= Beginning of Section =

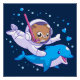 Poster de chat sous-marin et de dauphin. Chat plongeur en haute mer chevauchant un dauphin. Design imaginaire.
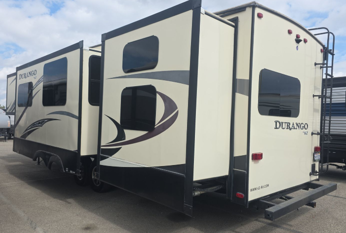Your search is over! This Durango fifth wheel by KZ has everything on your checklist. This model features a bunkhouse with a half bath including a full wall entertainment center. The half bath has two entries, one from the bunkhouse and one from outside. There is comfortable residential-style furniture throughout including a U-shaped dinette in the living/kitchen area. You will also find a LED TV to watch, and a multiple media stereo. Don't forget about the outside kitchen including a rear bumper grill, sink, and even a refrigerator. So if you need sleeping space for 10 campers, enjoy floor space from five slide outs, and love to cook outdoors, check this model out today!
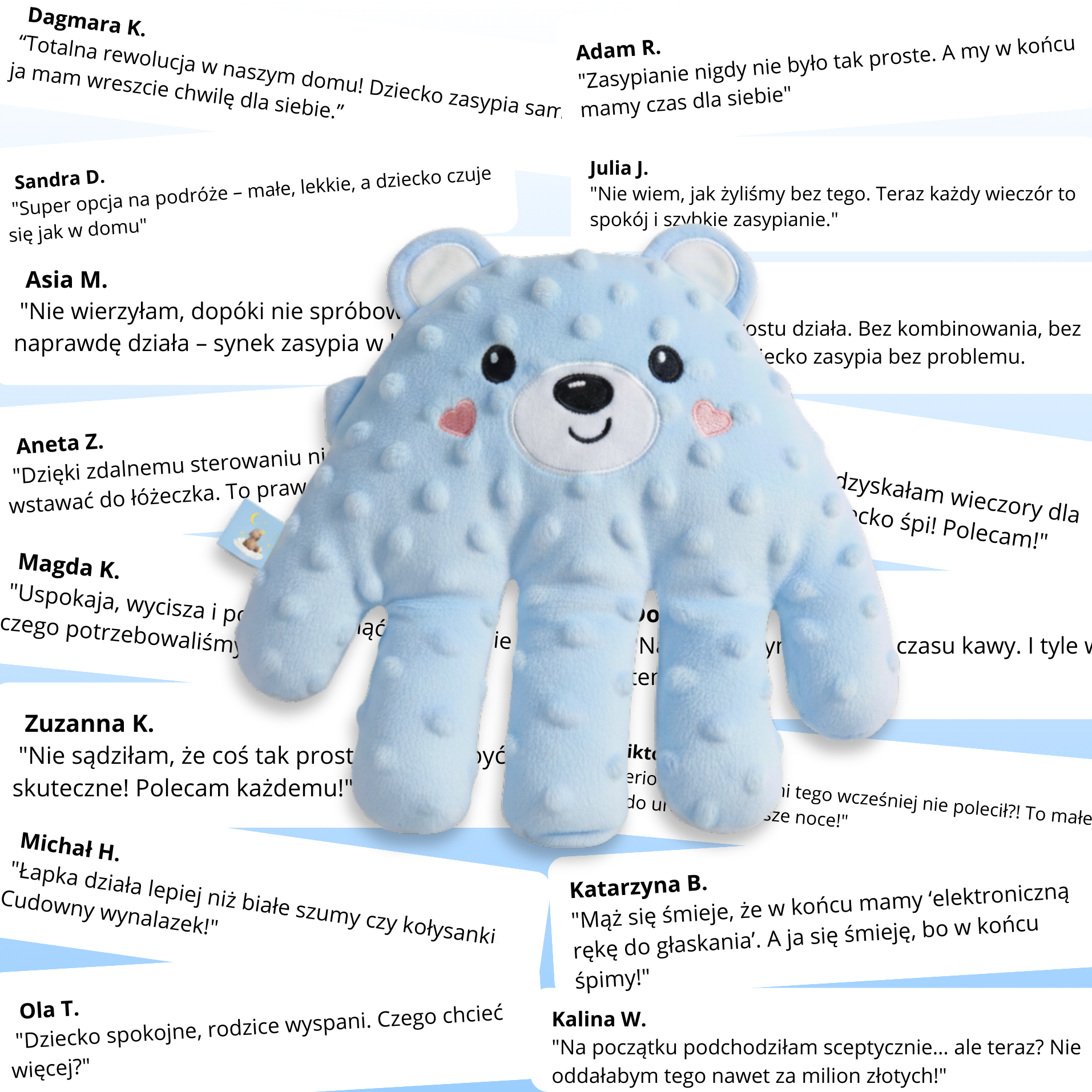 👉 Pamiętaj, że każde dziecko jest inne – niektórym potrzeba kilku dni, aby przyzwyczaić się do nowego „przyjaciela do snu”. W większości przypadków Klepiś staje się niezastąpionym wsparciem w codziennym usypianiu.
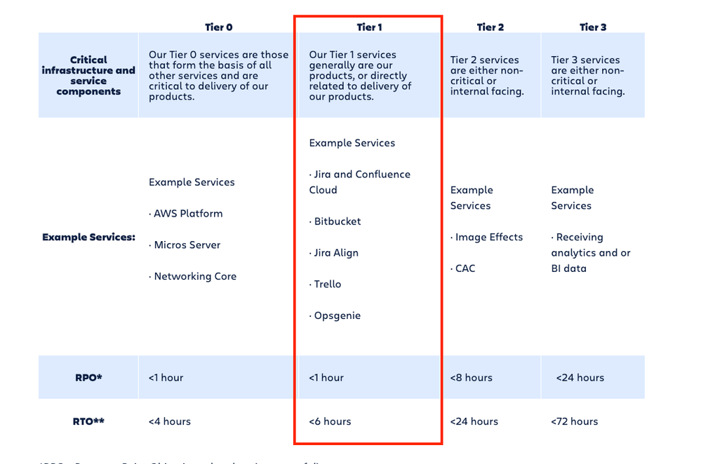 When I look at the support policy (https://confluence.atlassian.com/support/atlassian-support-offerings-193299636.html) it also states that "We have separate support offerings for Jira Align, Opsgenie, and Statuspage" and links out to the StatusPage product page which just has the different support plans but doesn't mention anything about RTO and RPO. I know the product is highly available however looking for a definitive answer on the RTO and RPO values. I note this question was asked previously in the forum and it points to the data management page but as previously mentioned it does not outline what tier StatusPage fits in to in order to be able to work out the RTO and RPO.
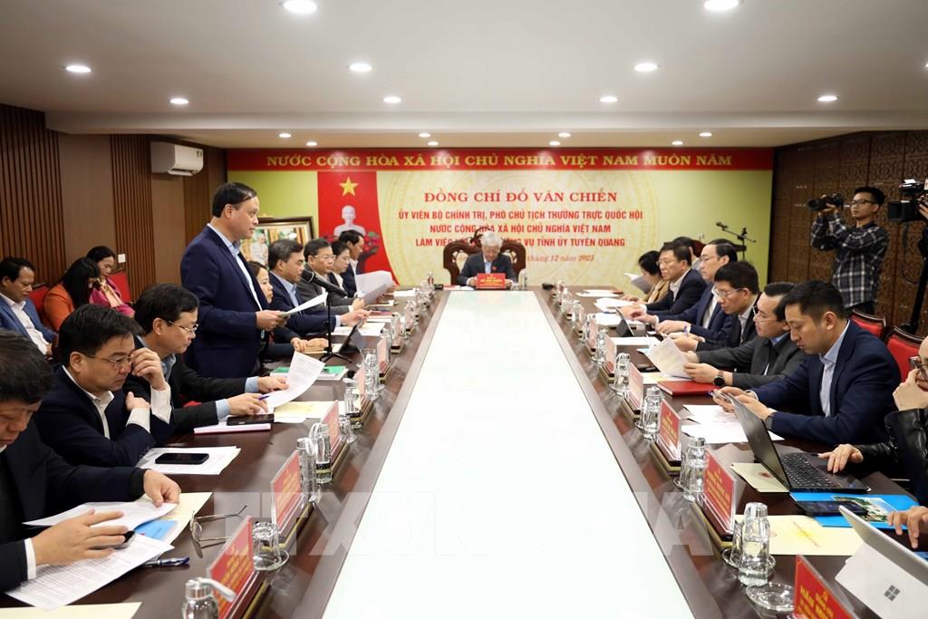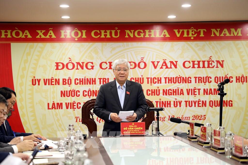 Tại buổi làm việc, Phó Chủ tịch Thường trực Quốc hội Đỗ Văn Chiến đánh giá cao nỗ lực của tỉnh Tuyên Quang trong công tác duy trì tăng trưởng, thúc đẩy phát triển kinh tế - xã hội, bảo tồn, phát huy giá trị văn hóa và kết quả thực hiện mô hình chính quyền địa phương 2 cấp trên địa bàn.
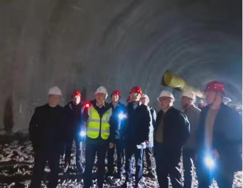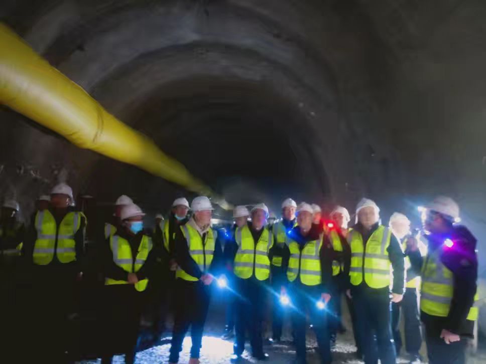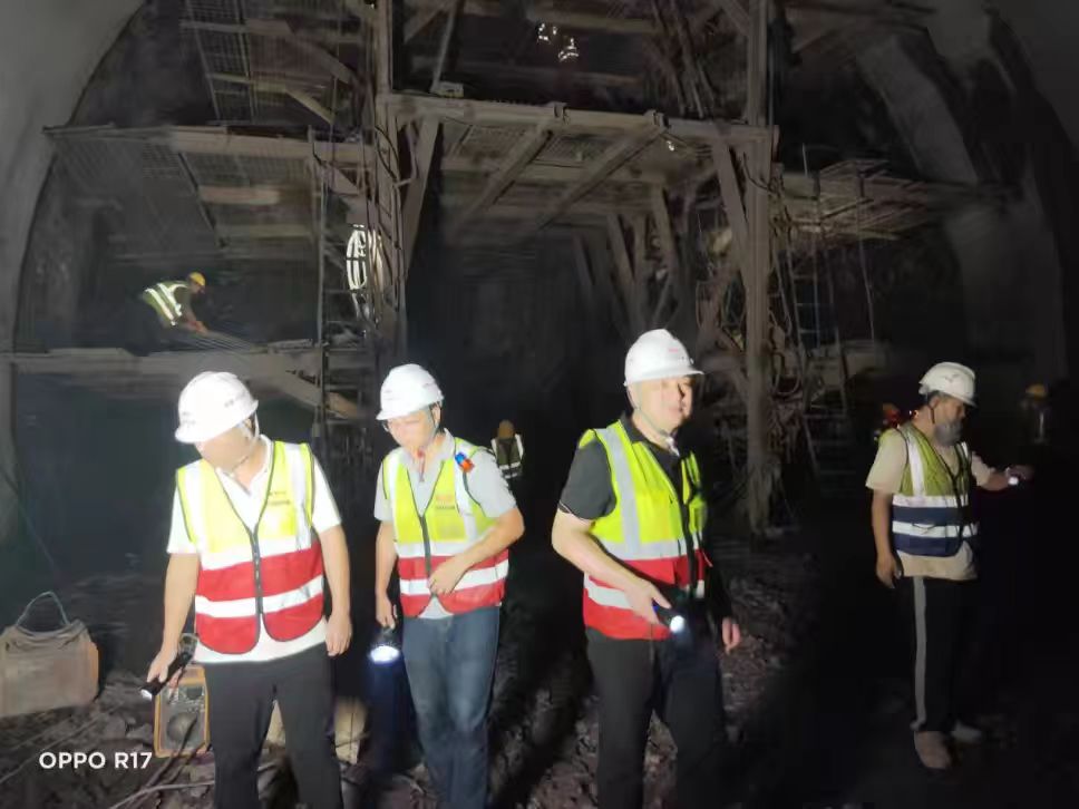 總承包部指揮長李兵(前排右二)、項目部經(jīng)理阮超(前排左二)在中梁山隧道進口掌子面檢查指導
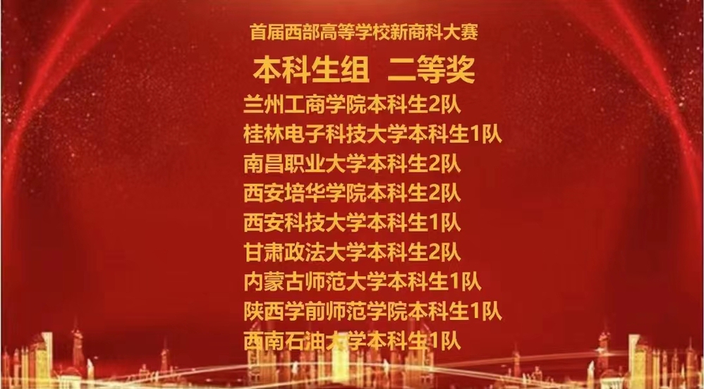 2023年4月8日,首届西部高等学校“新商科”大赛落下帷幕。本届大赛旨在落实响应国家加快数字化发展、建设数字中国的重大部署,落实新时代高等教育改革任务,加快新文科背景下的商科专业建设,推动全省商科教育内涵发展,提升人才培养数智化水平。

= End of Section =

Output the line that contains "Tại buổi làm" and every subsequent line through the end of the entries, exactly as given, without pictures.

 Tại buổi làm việc, Phó Chủ tịch Thường trực Quốc hội Đỗ Văn Chiến đánh giá cao nỗ lực của tỉnh Tuyên Quang trong công tác duy trì tăng trưởng, thúc đẩy phát triển kinh tế - xã hội, bảo tồn, phát huy giá trị văn hóa và kết quả thực hiện mô hình chính quyền địa phương 2 cấp trên địa bàn.
 總承包部指揮長李兵(前排右二)、項目部經(jīng)理阮超(前排左二)在中梁山隧道進口掌子面檢查指導
 2023年4月8日,首届西部高等学校“新商科”大赛落下帷幕。本届大赛旨在落实响应国家加快数字化发展、建设数字中国的重大部署,落实新时代高等教育改革任务,加快新文科背景下的商科专业建设,推动全省商科教育内涵发展,提升人才培养数智化水平。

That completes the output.